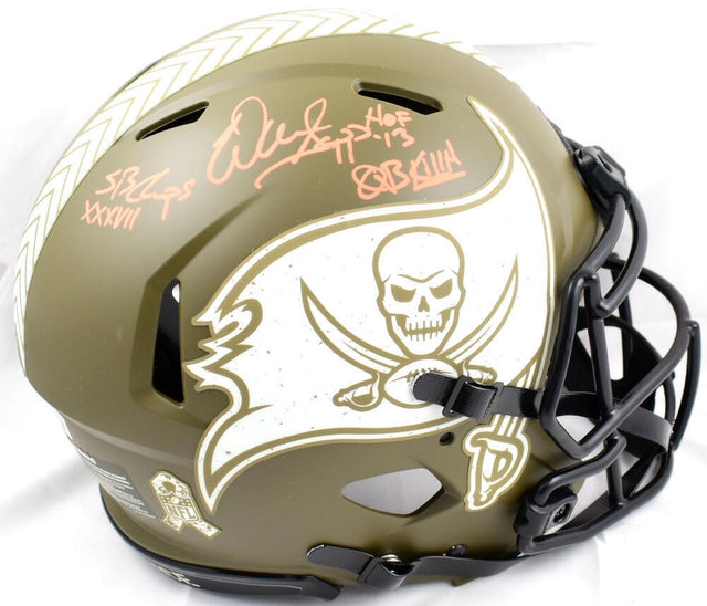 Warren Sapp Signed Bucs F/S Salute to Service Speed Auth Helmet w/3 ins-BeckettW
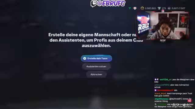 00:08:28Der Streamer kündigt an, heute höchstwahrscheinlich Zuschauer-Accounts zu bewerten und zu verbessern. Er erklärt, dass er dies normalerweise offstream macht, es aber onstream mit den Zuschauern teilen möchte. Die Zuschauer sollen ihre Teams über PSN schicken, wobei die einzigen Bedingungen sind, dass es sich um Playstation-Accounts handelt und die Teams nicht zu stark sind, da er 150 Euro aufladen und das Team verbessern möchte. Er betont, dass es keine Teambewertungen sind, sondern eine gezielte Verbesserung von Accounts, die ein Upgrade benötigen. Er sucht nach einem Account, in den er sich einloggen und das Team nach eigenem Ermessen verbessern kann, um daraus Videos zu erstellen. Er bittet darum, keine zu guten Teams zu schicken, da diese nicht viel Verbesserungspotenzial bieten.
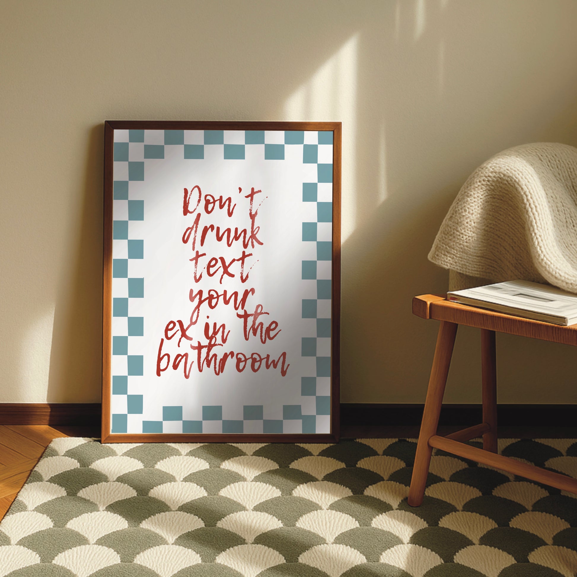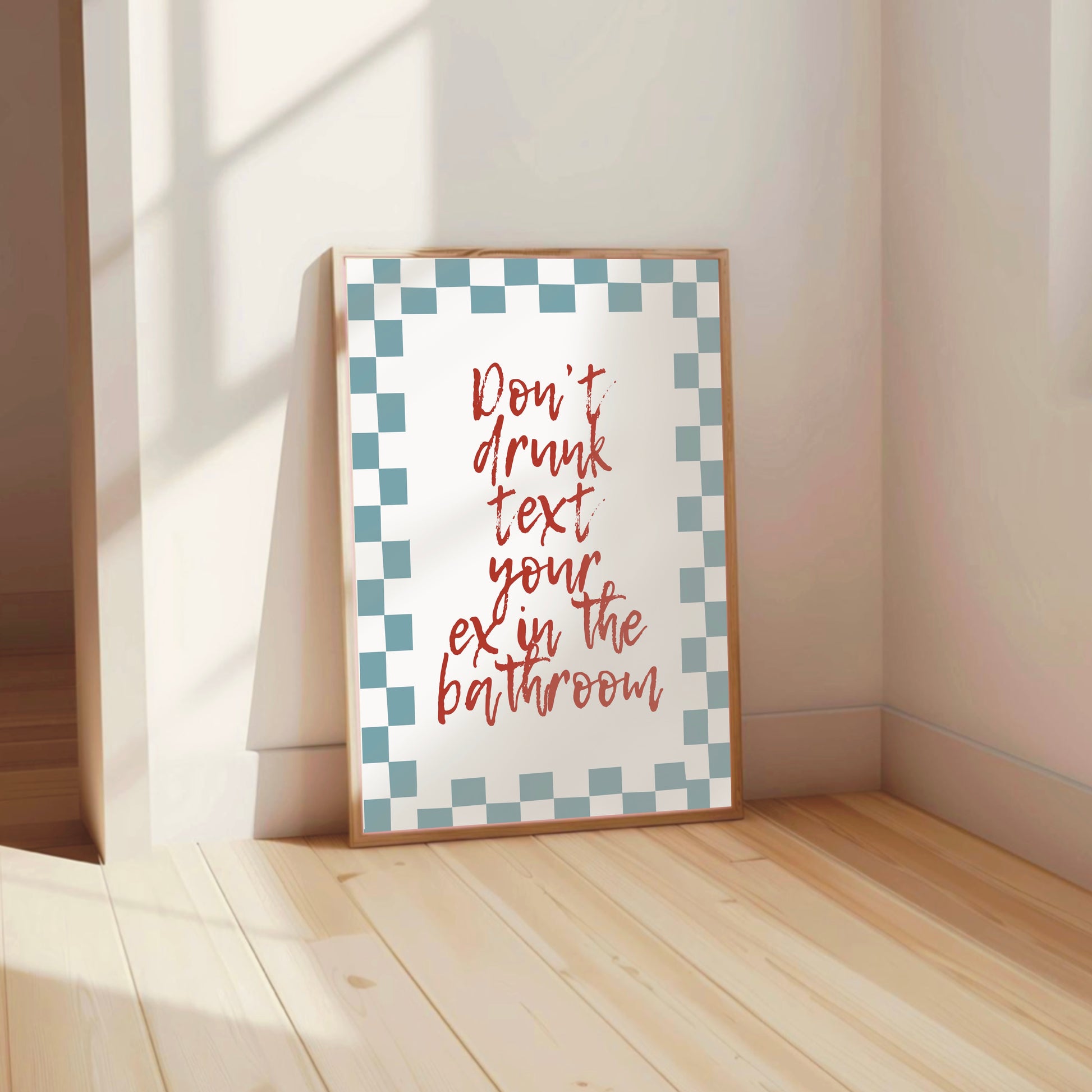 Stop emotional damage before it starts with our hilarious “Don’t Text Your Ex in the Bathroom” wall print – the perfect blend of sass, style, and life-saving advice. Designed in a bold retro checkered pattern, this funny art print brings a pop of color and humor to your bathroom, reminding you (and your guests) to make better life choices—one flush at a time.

» **TASK ITEM**: An exact reproduction of the data is needed, with no pictures included.

» **TASK OUTPUT**:
 Warren Sapp Signed Bucs F/S Salute to Service Speed Auth Helmet w/3 ins-BeckettW
 00:08:28Der Streamer kündigt an, heute höchstwahrscheinlich Zuschauer-Accounts zu bewerten und zu verbessern. Er erklärt, dass er dies normalerweise offstream macht, es aber onstream mit den Zuschauern teilen möchte. Die Zuschauer sollen ihre Teams über PSN schicken, wobei die einzigen Bedingungen sind, dass es sich um Playstation-Accounts handelt und die Teams nicht zu stark sind, da er 150 Euro aufladen und das Team verbessern möchte. Er betont, dass es keine Teambewertungen sind, sondern eine gezielte Verbesserung von Accounts, die ein Upgrade benötigen. Er sucht nach einem Account, in den er sich einloggen und das Team nach eigenem Ermessen verbessern kann, um daraus Videos zu erstellen. Er bittet darum, keine zu guten Teams zu schicken, da diese nicht viel Verbesserungspotenzial bieten.
 Stop emotional damage before it starts with our hilarious “Don’t Text Your Ex in the Bathroom” wall print – the perfect blend of sass, style, and life-saving advice. Designed in a bold retro checkered pattern, this funny art print brings a pop of color and humor to your bathroom, reminding you (and your guests) to make better life choices—one flush at a time.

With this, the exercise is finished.